EXERCISE DIRECTIONS: Your output must be the lines below from the line containing "In Tibetan Buddhist" to the line containing "E’ disponibile un", both lines included, reproduced exactly and without pictures.

LISTED ENTRIES:
■ ■ ■ ■
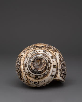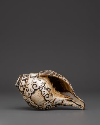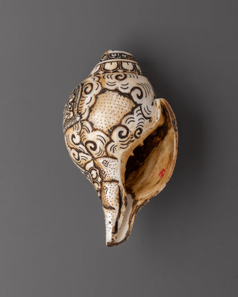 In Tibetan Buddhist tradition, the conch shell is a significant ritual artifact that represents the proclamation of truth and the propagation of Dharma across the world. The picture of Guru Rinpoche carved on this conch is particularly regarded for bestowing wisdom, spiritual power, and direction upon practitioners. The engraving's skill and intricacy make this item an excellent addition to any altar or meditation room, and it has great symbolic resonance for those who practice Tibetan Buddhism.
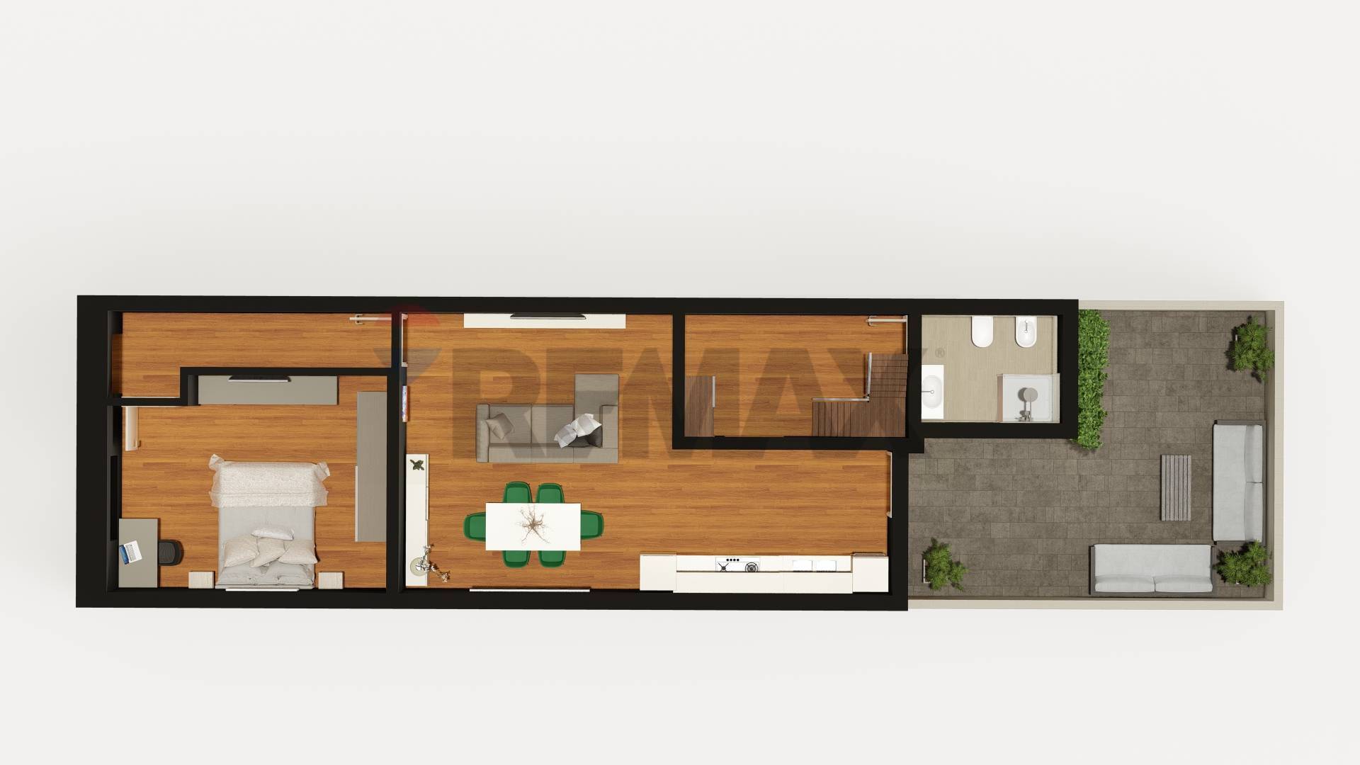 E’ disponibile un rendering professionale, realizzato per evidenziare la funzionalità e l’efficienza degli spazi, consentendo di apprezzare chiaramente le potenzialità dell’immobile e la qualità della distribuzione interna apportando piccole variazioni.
■ ■ ■ ■
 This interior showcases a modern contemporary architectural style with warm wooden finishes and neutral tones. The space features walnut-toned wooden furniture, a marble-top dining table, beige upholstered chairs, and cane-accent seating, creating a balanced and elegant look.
■ ■ ■ ■
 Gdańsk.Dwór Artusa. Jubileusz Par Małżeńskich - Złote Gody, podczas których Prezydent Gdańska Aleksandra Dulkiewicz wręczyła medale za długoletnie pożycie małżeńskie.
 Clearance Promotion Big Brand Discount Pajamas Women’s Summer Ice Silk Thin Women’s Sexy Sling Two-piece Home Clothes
■ ■ ■ ■
EXPECTED OUTPUT:
 In Tibetan Buddhist tradition, the conch shell is a significant ritual artifact that represents the proclamation of truth and the propagation of Dharma across the world. The picture of Guru Rinpoche carved on this conch is particularly regarded for bestowing wisdom, spiritual power, and direction upon practitioners. The engraving's skill and intricacy make this item an excellent addition to any altar or meditation room, and it has great symbolic resonance for those who practice Tibetan Buddhism.
 E’ disponibile un rendering professionale, realizzato per evidenziare la funzionalità e l’efficienza degli spazi, consentendo di apprezzare chiaramente le potenzialità dell’immobile e la qualità della distribuzione interna apportando piccole variazioni.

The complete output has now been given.